In this presentation, a new method is introduced for interpreting diagnostic fracture injection test (DFIT) data. The method is based on results from a three-dimensional hydraulic fracturing simulator (CFRAC) that allows fractures to retain aperture after mechanical closure. After closure, an empirical, non-linear joint closure law is used to relate fracture aperture and stiffness to the effective normal stress. Fracture closure increases fracture stiffness, which, in low permeability formations, causes an increase in the pressure derivative. The resulting pressure signal in a G-function analysis plot has often been incorrectly attributed to fracture height recession or closing of secondary transverse fractures, leading to a misidentification of closure pressure. Based on simulation results, best practices are offered for estimating closure pressure, which are validated with a series of numerical simulations and field examples.
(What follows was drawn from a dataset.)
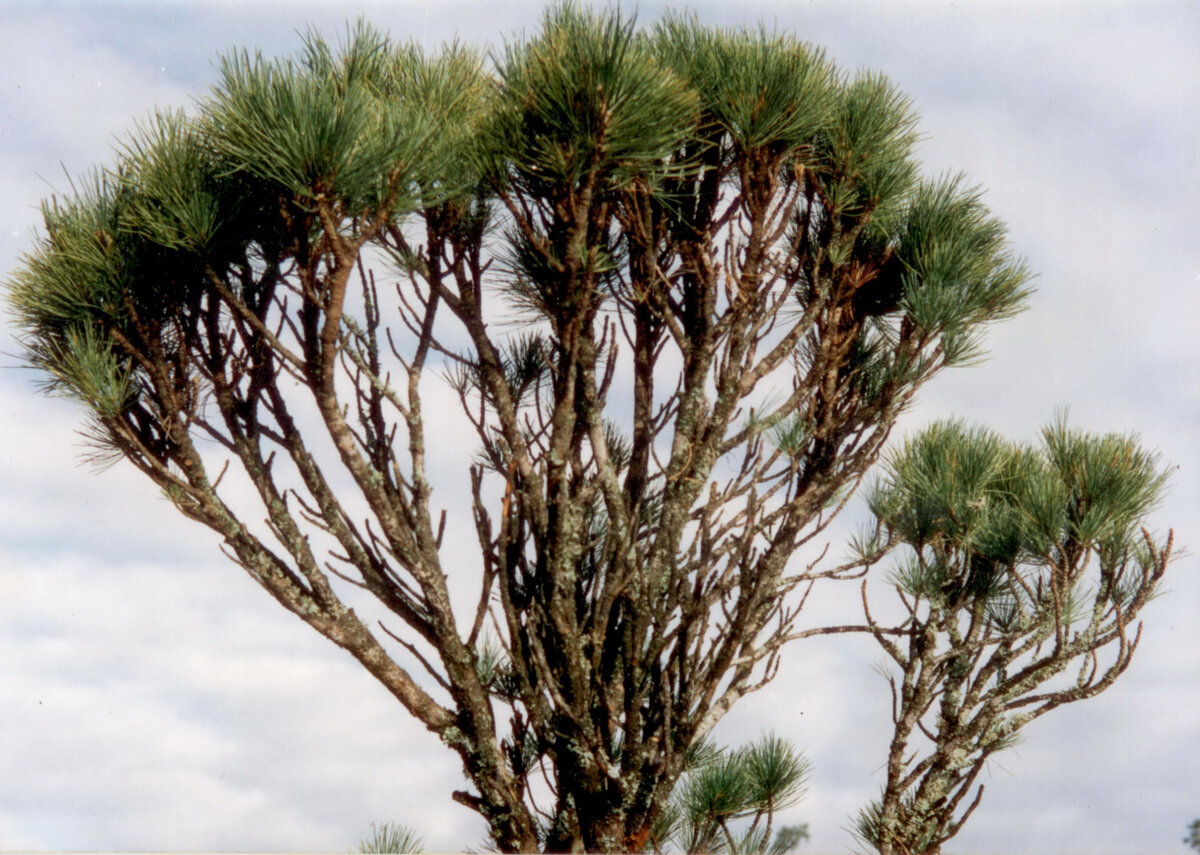 Наша родная Томская область довольно большая. По площади она чуть меньше Германии. Всей этой площадью она размещается внутри кедрового ареала. Нам по роду нашей научной деятельности доводилось работать в разных районах Томской области. Так, в Верхнекетском районе, это граница между южной и средней подзонами тайги, мы в течение нескольких лет изучали, как изменяется структура кроны кедра с возрастом. Кедр в этих местах первые 100 лет живет под пологом березы, постепенно подрастает, набирает силу. К возрасту 150 лет он выходит в верхний ярус древостоя и начинает плодоносить. К возрасту 250 лет крона достигает максимального развития, а насаждение в целом – максимальной урожайности ореха. После 350 лет крона разрушается, дерево гибнет. Именно на 350-летнем дереве и была найдена та ВМ, вегетативное потомство которой мы будем сегодня обсуждать. Выглядела она вот так:

The implications are important for hydraulic fracture modeling. Using the new methodology, all historical DFIT data in a major unconventional play were reexamined and fracture closure pressure for interpretable tests needed to be adjusted upward by about 600 psi on average. This finding made necessary a reexamination of pressure-history-calibrated fracture models in which closure pressure was derived from the prior DFIT analysis. Yet the revised-upward in-situ stress greatly diminished or eliminated the need to aggressively invoke arbitrary adjustment parameters such as process zone stress in model calibration efforts.
In addition to the discussion on fracture closure, a system of DFIT consistency checks will be introduced to assess the reliability and robustness of interpreted reservoir stress (αh), pore pressure (pi) and fluid transmissibility (kh/μ). Field cases from various low permeability and unconventional reservoirs will be used to demonstrate key points.